Study material -
..............................
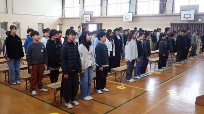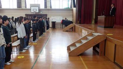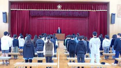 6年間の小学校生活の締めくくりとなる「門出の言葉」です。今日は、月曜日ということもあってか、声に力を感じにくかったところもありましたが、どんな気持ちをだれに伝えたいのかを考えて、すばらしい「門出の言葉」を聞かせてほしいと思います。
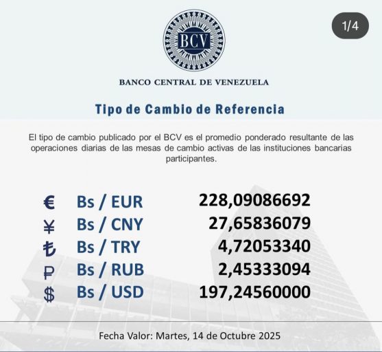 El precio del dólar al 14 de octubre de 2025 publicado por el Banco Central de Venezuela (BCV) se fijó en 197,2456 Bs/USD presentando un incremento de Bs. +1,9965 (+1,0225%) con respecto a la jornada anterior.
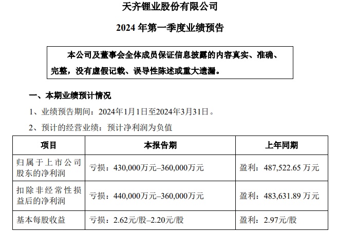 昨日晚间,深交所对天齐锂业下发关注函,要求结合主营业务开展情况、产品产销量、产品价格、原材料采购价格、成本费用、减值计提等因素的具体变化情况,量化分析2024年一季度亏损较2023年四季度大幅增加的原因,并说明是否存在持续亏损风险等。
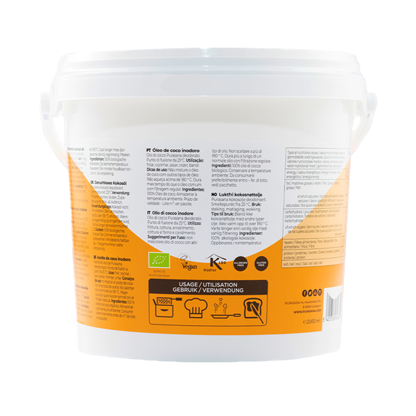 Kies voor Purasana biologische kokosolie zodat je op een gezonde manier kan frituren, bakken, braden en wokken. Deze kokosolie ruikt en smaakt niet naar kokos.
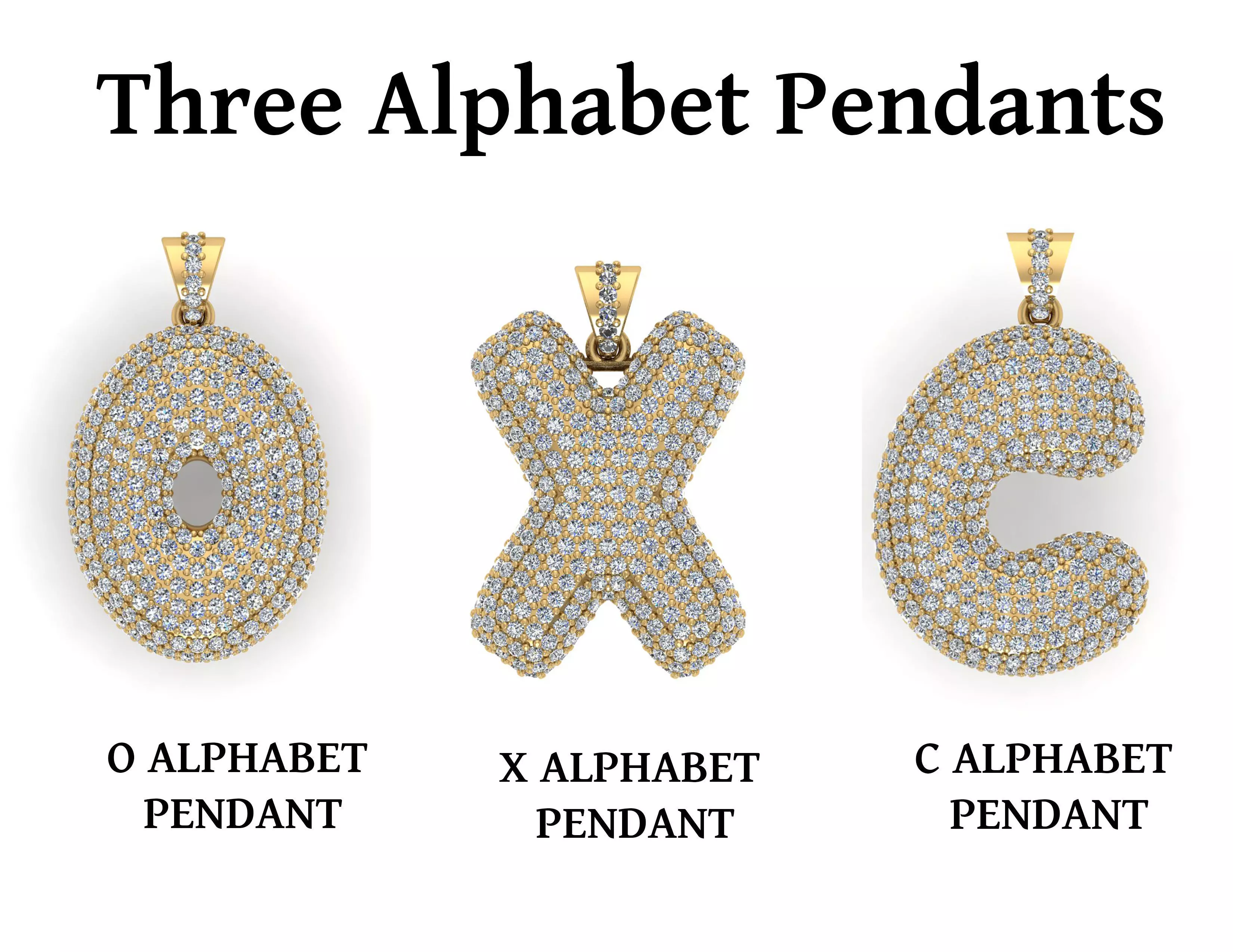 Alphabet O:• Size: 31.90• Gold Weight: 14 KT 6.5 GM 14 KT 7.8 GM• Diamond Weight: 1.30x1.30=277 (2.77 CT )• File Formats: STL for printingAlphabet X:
..............................
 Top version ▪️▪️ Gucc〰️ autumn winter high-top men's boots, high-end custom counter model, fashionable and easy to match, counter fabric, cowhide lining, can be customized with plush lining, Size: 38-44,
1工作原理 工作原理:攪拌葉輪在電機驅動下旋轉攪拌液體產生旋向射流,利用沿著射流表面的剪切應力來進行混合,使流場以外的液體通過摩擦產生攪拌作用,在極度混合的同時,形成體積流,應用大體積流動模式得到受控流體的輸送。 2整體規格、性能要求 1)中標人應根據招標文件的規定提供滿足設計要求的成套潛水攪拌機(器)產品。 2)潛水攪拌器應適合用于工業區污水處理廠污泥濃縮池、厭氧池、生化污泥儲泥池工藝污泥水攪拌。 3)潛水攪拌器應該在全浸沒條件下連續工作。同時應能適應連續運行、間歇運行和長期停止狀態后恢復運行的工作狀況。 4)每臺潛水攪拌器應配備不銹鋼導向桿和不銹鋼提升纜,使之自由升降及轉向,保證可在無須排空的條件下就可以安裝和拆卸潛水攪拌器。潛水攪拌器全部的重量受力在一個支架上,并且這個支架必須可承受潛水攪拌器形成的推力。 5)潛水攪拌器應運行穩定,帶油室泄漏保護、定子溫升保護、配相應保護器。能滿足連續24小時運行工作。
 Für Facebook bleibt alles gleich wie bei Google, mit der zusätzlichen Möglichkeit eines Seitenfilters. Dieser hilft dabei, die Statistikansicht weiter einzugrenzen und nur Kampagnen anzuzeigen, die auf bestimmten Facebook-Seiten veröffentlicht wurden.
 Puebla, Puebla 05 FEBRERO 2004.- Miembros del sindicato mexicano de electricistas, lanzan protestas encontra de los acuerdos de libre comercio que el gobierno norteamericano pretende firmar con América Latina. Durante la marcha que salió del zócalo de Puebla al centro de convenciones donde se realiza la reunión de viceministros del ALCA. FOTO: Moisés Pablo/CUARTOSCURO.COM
..............................
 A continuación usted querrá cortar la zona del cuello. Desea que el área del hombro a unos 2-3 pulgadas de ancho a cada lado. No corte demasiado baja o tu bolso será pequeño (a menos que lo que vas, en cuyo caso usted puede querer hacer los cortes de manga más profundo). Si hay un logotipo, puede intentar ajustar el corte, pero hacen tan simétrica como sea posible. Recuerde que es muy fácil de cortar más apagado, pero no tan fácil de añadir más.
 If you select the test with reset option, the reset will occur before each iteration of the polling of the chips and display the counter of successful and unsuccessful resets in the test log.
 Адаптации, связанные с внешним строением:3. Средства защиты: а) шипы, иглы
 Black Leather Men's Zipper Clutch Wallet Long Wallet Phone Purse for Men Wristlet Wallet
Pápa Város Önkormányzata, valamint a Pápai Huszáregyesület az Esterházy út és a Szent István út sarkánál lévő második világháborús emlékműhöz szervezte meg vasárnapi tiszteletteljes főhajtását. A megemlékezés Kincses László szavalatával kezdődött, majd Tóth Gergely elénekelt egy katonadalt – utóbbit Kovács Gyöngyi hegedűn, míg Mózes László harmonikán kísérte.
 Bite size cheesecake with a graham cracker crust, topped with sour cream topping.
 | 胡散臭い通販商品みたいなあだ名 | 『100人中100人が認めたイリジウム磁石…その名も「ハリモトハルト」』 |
..............................
Task -
State how many lines of the material above contain the word "with". Say nothing else.

Answer box -
3